# Regression Models with Keras

## Objectives for this Notebook
* How to use the Keras library to build a regression model
* Download and clean the data set
* Build a neural network
* Train and test the network

## Install required libraries

In [None]:
!pip install numpy==2.0.2
!pip install pandas==2.2.2
!pip install tensorflow_cpu==2.18.0

In [None]:
import os
os.environ['TF_ENABLE_ONEDNN_OPTS'] = '0'
os.environ['TF_CPP_MIN_LOG_LEVEL'] = '2'

In [None]:
import pandas as pd
import numpy as np
import keras

import warnings
warnings.simplefilter('ignore', FutureWarning)

## Download and Clean dataset

In [None]:
filepath='https://s3-api.us-geo.objectstorage.softlayer.net/cf-courses-data/CognitiveClass/DL0101EN/labs/data/concrete_data.csv'
concrete_data = pd.read_csv(filepath)

concrete_data.head()

In [None]:
# check num of data points
concrete_data.shape

In [None]:
# check dataset for missing values
concrete_data.describe()

In [None]:
concrete_data.isnull().sum()

## Split data into predictors and target

In [None]:
concrete_data_columns = concrete_data.columns

In [None]:
predictors = concrete_data[concrete_data_columns[concrete_data_columns != 'Strength']] # all columns except Strength
target = concrete_data['Strength'] # Strength column

In [None]:
# sanity check
print(predictors.head())
print(target.head())


## Normalize data
Finally, the last step is to normalize the data by substracting the mean and dividing by the standard deviation.

In [None]:
predictors_norm = (predictors - predictors.mean()) / predictors.std()
predictors_norm.head()

In [None]:
# save the number of predictors to n_cols since we will need this number when building our network.
n_cols = predictors_norm.shape[1] # number of predictors

## Import Keras Packages

In [None]:
# to build regression model
from keras.models import Sequential
from keras.layers import Dense
from keras.layers import Input

## Build a NN

In [None]:
# define regression model
def regression_model():
    # create model
    model = Sequential()
    model.add(Input(shape=(n_cols,)))
    model.add(Dense(50, activation='relu'))
    model.add(Dense(50, activation='relu'))
    model.add(Dense(1))
    
    # compile model
    model.compile(optimizer='adam', loss='mean_squared_error')
    return model

## Train and Test network

In [None]:
# build model
model = regression_model()

In [None]:
# Next, we will train and test the model at the same time using the fit method. 
#   We will leave out 30% of the data for validation and we will train the model 
#   for 100 epochs.
# fit the model
model.fit(predictors_norm, target, validation_split=0.3, epochs=100, verbose=2)

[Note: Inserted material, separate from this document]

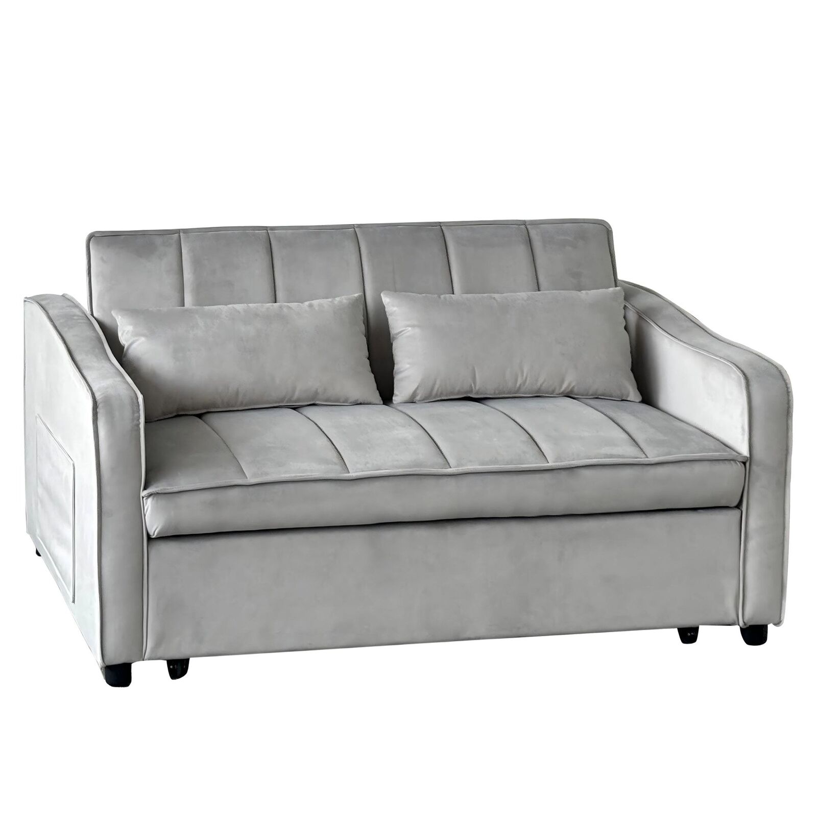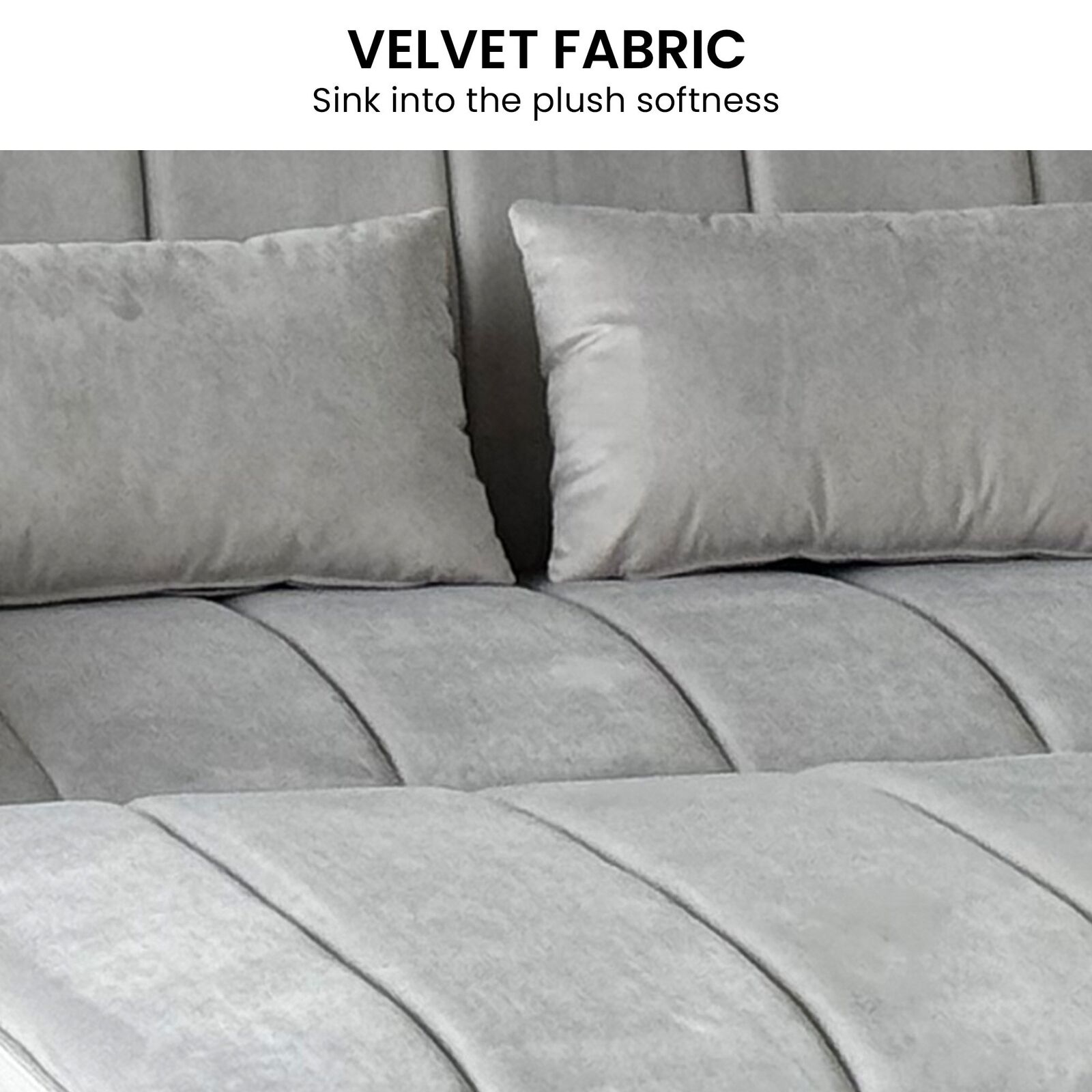 Sarantino Fenton Velvet 2-Seater Sofa Bed - Light Grey

* Adding more hidden layers to the model increases its capacity to learn and represent complex relationships within the data. This allows the model to better identify, as a result, the model becomes more effective at fitting the training data and potentially improving its predictions.
* By reducing the proportion of data set aside for validation and using a larger portion for training, the model has access to more examples to learn from. This additional training data helps the model improve its understanding of the underlying trends, which can lead to better overall performance.